* _Work request_
Copy the lines below, please, starting with the one that contains "根据展览计划,出于文物保护的" and ending with the last. Pictures stay out.

Dataset entries:
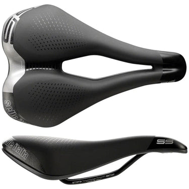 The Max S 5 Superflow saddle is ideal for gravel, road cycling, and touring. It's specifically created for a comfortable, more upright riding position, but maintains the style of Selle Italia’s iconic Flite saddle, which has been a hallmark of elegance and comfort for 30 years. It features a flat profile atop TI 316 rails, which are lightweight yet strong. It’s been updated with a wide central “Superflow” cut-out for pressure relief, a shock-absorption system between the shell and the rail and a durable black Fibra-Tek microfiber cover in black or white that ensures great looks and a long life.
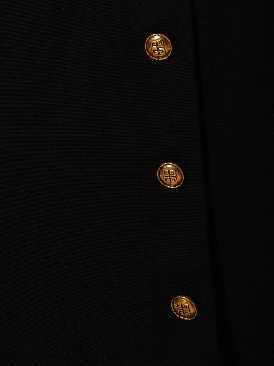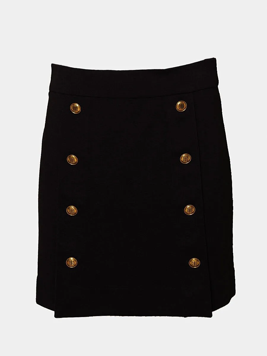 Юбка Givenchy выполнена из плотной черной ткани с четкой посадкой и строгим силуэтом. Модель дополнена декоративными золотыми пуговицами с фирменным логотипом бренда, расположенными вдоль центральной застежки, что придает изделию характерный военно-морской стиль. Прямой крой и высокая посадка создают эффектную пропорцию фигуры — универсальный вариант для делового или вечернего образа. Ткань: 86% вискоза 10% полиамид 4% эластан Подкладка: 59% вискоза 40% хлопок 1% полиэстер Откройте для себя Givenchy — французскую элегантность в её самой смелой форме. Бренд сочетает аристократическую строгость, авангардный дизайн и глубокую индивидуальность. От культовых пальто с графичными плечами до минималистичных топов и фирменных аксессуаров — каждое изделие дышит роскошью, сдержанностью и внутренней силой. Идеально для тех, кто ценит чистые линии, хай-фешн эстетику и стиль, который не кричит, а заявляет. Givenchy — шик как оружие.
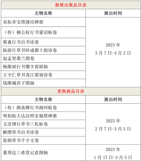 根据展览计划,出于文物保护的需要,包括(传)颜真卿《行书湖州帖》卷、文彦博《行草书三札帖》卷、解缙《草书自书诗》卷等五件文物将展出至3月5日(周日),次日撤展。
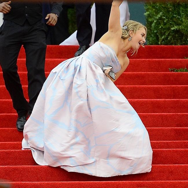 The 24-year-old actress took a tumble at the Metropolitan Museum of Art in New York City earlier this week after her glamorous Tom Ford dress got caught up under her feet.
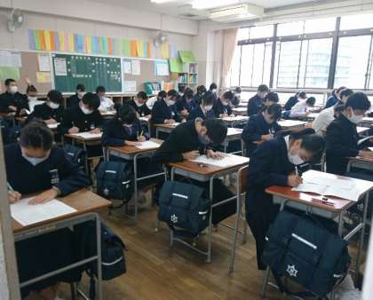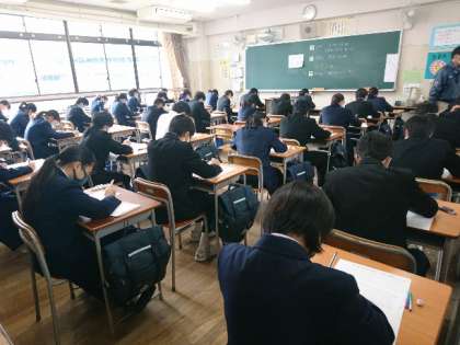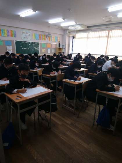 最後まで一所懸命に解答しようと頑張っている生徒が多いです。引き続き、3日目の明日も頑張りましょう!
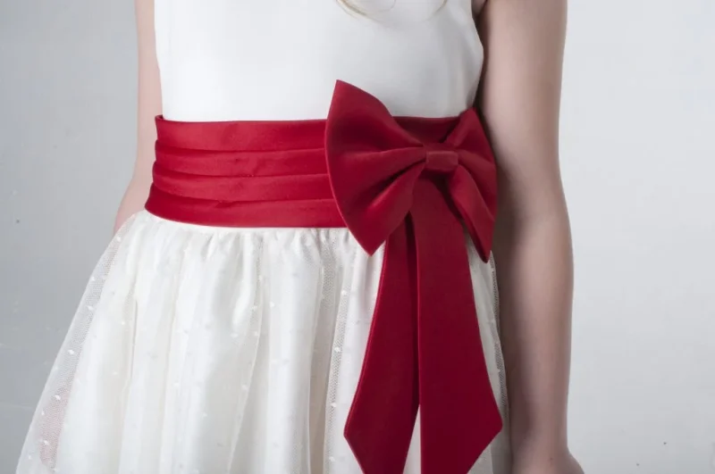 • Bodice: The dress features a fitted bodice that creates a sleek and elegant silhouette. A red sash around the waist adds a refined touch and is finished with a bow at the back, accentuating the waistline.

* _Answer box_
 根据展览计划,出于文物保护的需要,包括(传)颜真卿《行书湖州帖》卷、文彦博《行草书三札帖》卷、解缙《草书自书诗》卷等五件文物将展出至3月5日(周日),次日撤展。
 The 24-year-old actress took a tumble at the Metropolitan Museum of Art in New York City earlier this week after her glamorous Tom Ford dress got caught up under her feet.
 最後まで一所懸命に解答しようと頑張っている生徒が多いです。引き続き、3日目の明日も頑張りましょう!
 • Bodice: The dress features a fitted bodice that creates a sleek and elegant silhouette. A red sash around the waist adds a refined touch and is finished with a bow at the back, accentuating the waistline.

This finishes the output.